This document describes how to manage user permissions in Chaos Mesh, including creating user account of different roles, binding permissions for users, managing tokens, and enable or disable permission authentication.
Chaos Mesh uses the native RBAC features in Kubernetes to manage user roles and permissions. To create, view and manage Chaos experiments, users need to have the corresponding permissions in the apiGroups
of chaos-mesh.org
to customize resources of Chaos experiments.
:::note
If Chaos Mesh is installed using Helm, permission authentication is enabled by default. For production environments and other scenarios with high security requirements, it is recommended to keep the permission authentication feature enabled. If you just want to give Chaos Mesh a try and quickly create Chaos experiments without enabling the permission authentication feature, you can refer to Enable or disable permission authentication to learn how to disable the feature.
:::
Create user accounts and bind permissions
You can create user accounts and bind permissions directly through the Chaos Mesh Dashboard interface. When you access the Dashboard, a login window pops up. Click the link Click here to generate:
After you click the link, another window pops up as follows:
The steps to create user accounts and bind permissions are as follows. You need to perform the first three of the following steps in the pop-up window:
Choose the permission scope
If you want to give the account the appropriate permissions for all Chaos experiments in Kubernetes, check the Cluster scoped box. If you specify a namespace in the Namespace dropdown option box, the account only has permissions in that specified namespace.
Choose the user role
Currently, Chaos Mesh provides the following user roles:
- Manager, who has all permissions to create, view, update, and delete Chaos experiments.
- Viewer, who has only the view permission for Chaos experiments.
Generate RBAC configurations
After determining the permission scope and user role of the created account, the Dashboard shows the corresponding RBAC configuration on the pop-up window page.
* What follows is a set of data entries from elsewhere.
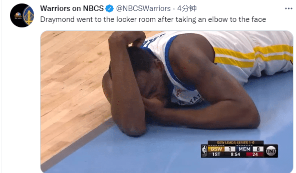 第一节8分54秒,格林惨遭蒂尔曼肘到面部,捂着面部痛苦倒地,裁判没有任何吹罚;格林返回更衣室,离场时冲着灰熊球迷竖中指;勇士官方宣布格林有眼附近撕裂,缝针后回到比赛。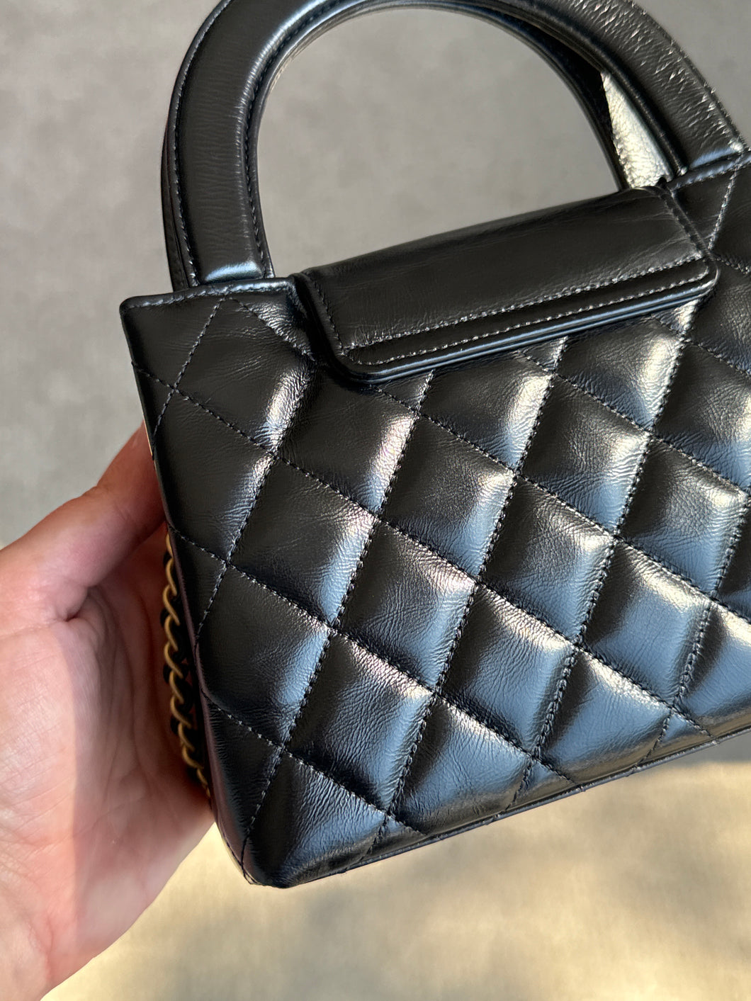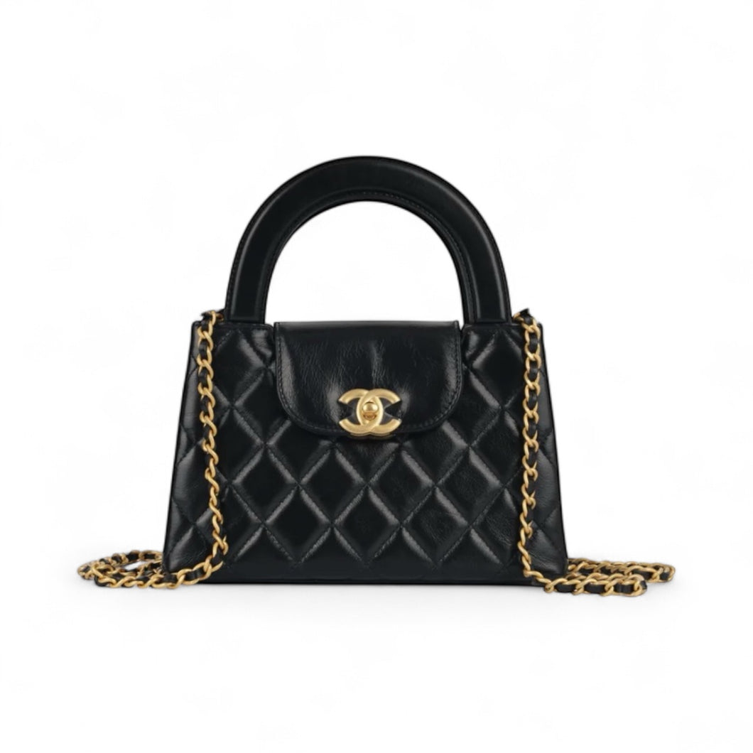 Chanel Bag, Black Shiny Aged Calfskin Quilted Nano Kelly Shopper Bag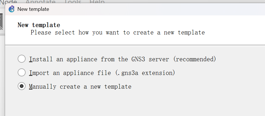 接下来在 GNS3 的图形化界面选择 File-New Template,选择 “Manually create ......”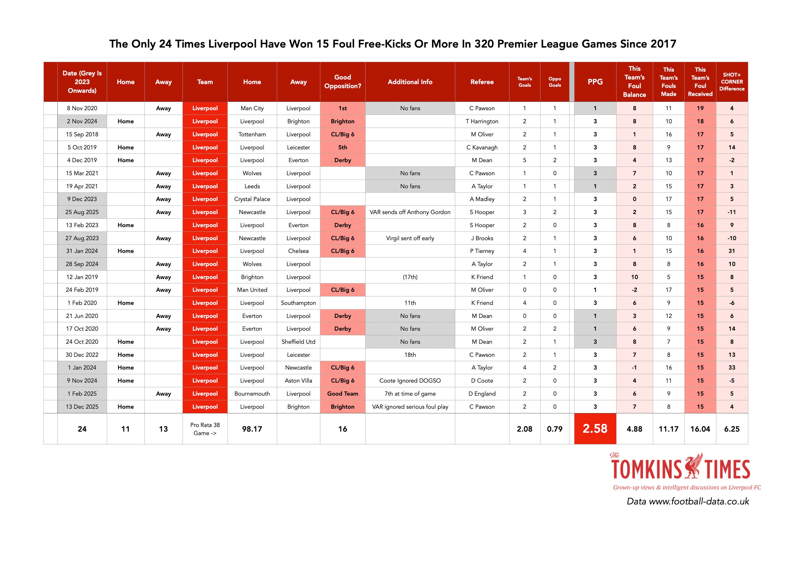 Liverpool have three of the five most illogical Foul Balances, and four of the 12 worst. All since 2021. And the Coote game against Brighton is the worst Foul Balance in this list.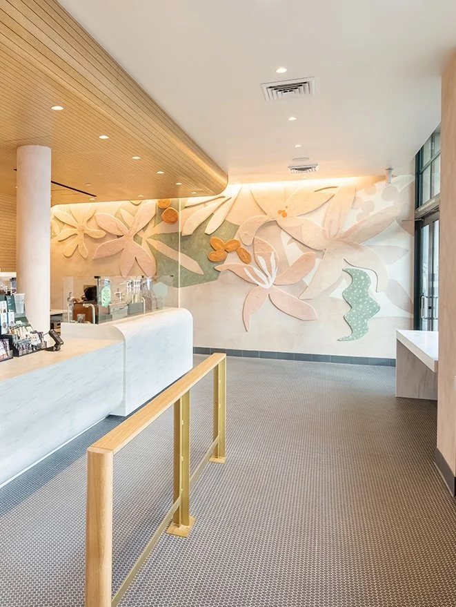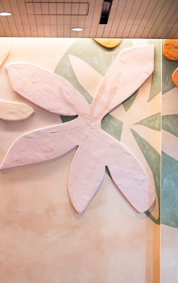 Fabricated dimensional shapes with plaster texture detail, full mural painted in lime wash.
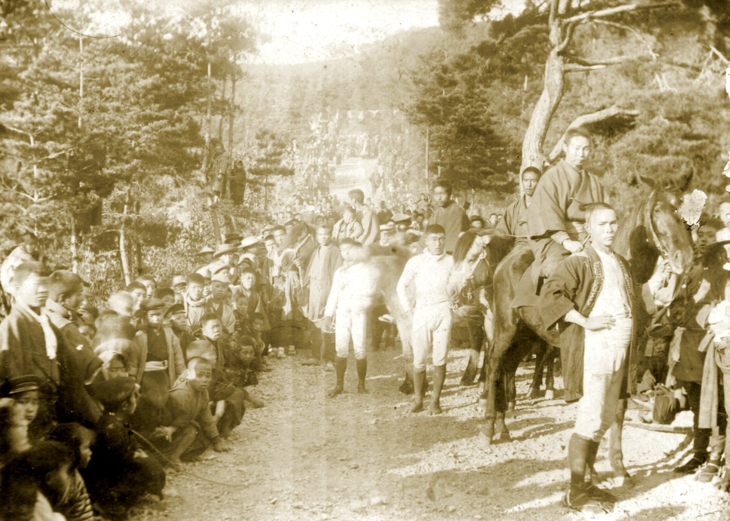 馬上で鞍にまたがる人、馬のたずなを引く人、それを遠巻きに囲み興味深々と覗き込む子供たちが、その頃まだ物珍しかったはずの写真機に注目しています。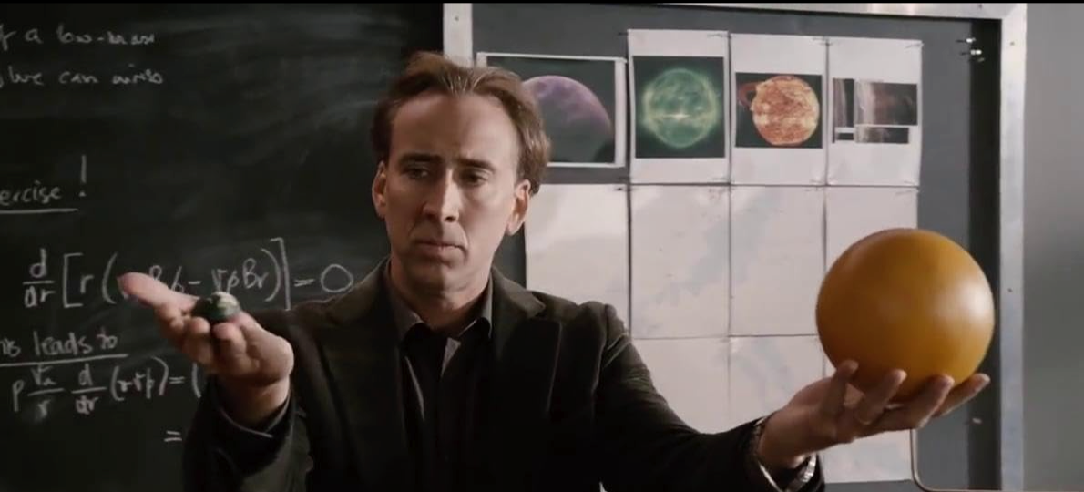 Flash forward fifty years, to the opening of the time capsule. Astro-physicist (widower) John Koestler’s (Nicolas Cage) son Caleb attends the same school as Lucinda and ends up with her letter, and is a bit bummed that he didn’t get a cool picture like the other kids but a series of “random” numbers. Caleb brings the letter home for further study, and John discovers it. After consuming his nightly grief-filled bottle of whisky, John starts to take a closer look at the numbers and discovers an unsettling pattern.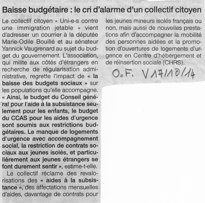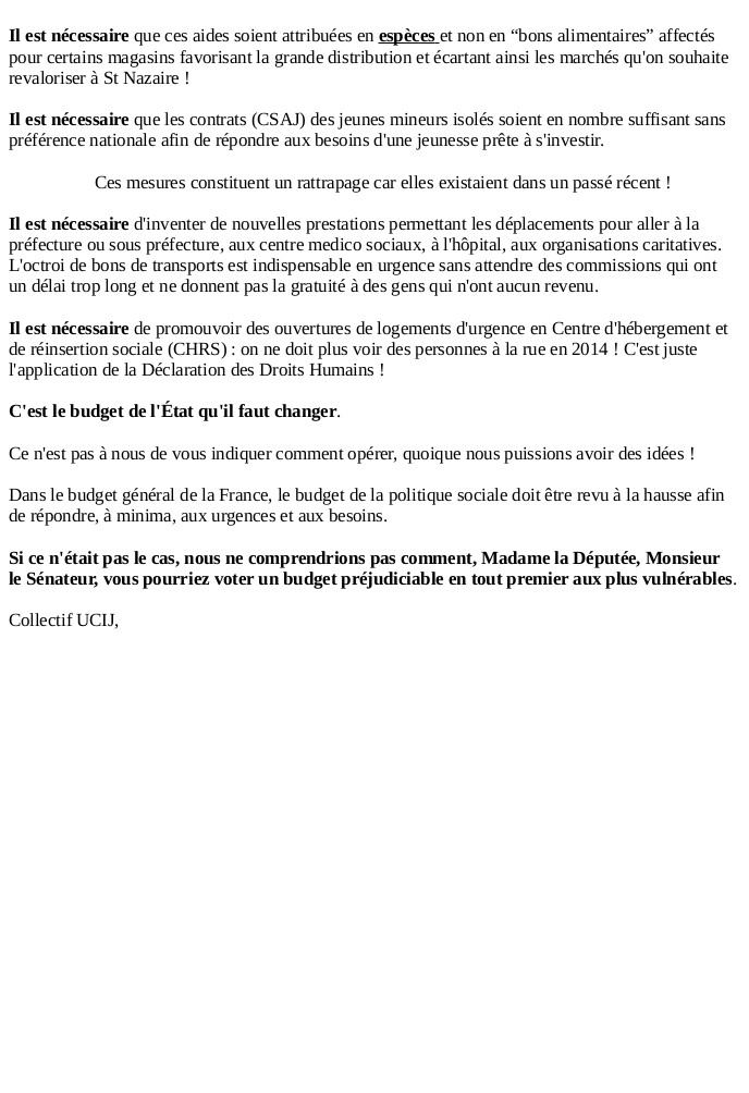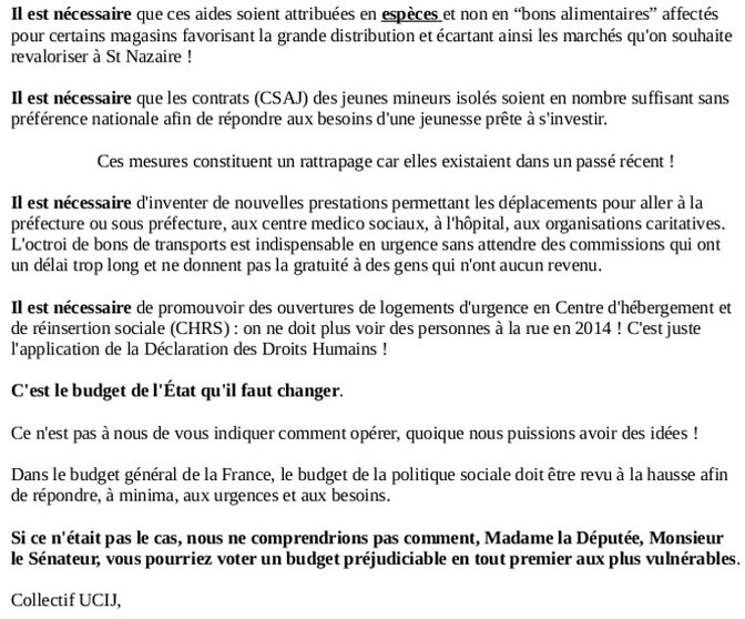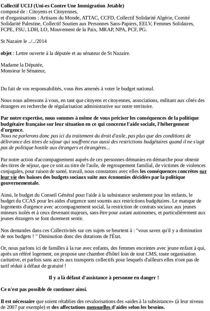Le Collectif UCIJ (Uni-es Contre Une Immigration Jetable) de la région nazairienne a adressé une lettre ouverte à la députée et au sénateur de Saint-Nazaire au sujet du budget du gouvernement et de ses conséquences sur la situation des plus démunis.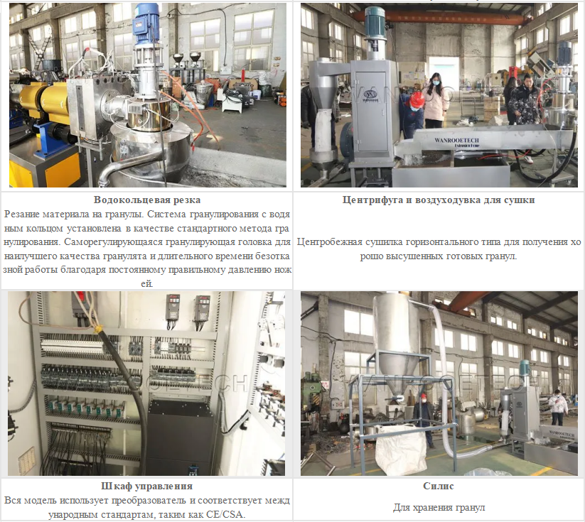 Шнековый питатель (ОПЦИЯ) → Загрузочный бункер → Одношнековый экструдер для дегазации → Гидравлический сменный фильтр → Головка формы → Резка водяного кольца → Обезвоживающая машина → Воздуходувка → Резервуар для хранения → Установка для упаковки готовых продуктов.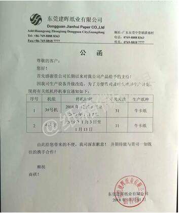 晨鳴集團(tuán):鑒于湛江晨鳴生產(chǎn)線實(shí)際運(yùn)行情況,計(jì)劃2019年1月10-18日期間,湛江晨鳴所有機(jī)臺(tái)全部停機(jī)檢修。 2019年1月至2月將迎來停機(jī)高峰 11月底12月初,龍頭紙企的停機(jī)函紛至沓來,大多是2019年春節(jié)期間的停機(jī)計(jì)劃。 12月1日,東莞建暉紙業(yè)有限公司發(fā)布停機(jī)公函:兩臺(tái)牛卡紙機(jī),PM3將在2018年12月8日-2019年1月7日停機(jī),停機(jī)31天;PM4的停機(jī)時(shí)間為2019年1月3日-1月13日,停機(jī)11天。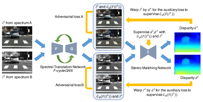 类似采用 GAN 来实现两个领域数据变换的方法还有今年 CVPR 提出的 StereoGAN,它采用 cycleGAN 来解决域自适应立体匹配,大家有兴趣可以对照着阅读。

For example, the RBAC configurations for a manager account in the namespace
busybox
looks like this:kind: ServiceAccount
apiVersion: v1
metadata:
namespace: busybox
name: account-busybox-manager-zcbaf
---
kind: Role
apiVersion: rbac.authorization.k8s.io/v1
metadata:
namespace: busybox
name: role-busybox-manager-zcbaf
rules:
- apiGroups: [""]
resources: ["pods", "namespaces"]
verbs: ["get", "watch", "list"]
- apiGroups:
- chaos-mesh.org
resources: [ "*" ]
verbs: ["get", "list", "watch", "create", "delete", "patch", "update"]
---
apiVersion: rbac.authorization.k8s.io/v1
kind: RoleBinding
metadata:
name: bind-busybox-manager-zcbaf
namespace: busybox
subjects:
- kind: ServiceAccount
name: account-busybox-manager-zcbaf
namespace: busybox
roleRef:
kind: Role
name: role-busybox-manager-zcbaf
apiGroup: rbac.authorization.k8s.io
Click COPY in the upper right corner of the configuration section in the pop-up window to copy the RBAC configuration and then save the content as
rbac.yaml
locally.Create the user account and bind permissions
Run the following command in your terminal:
kubectl apply -f rbac.yaml
Generate the token
Copy the command shown in the third step on the Token generator page and run the command in your terminal. The following is an example command:
kubectl describe - n busybox secrets account-busybox-manager-zcbaf
The output is as follows:
Name: account-busybox-manager-zcbaf-token-x572r
Namespace: busybox
Labels: <none>
Annotations: kubernetes.io/service-account.name: account-busybox-manager-zcbaf
kubernetes.io/service-account.uid: 19757b8d-195f-4231-b193-be18280b65d3
Type: kubernetes.io/service-account-token
Data
====
ca.crt: 1025 bytes
namespace: 7 bytes
token: eyJhbGciOi...z-PWMK8iQ
Copy the token data in the above output and use it for the next step to log in.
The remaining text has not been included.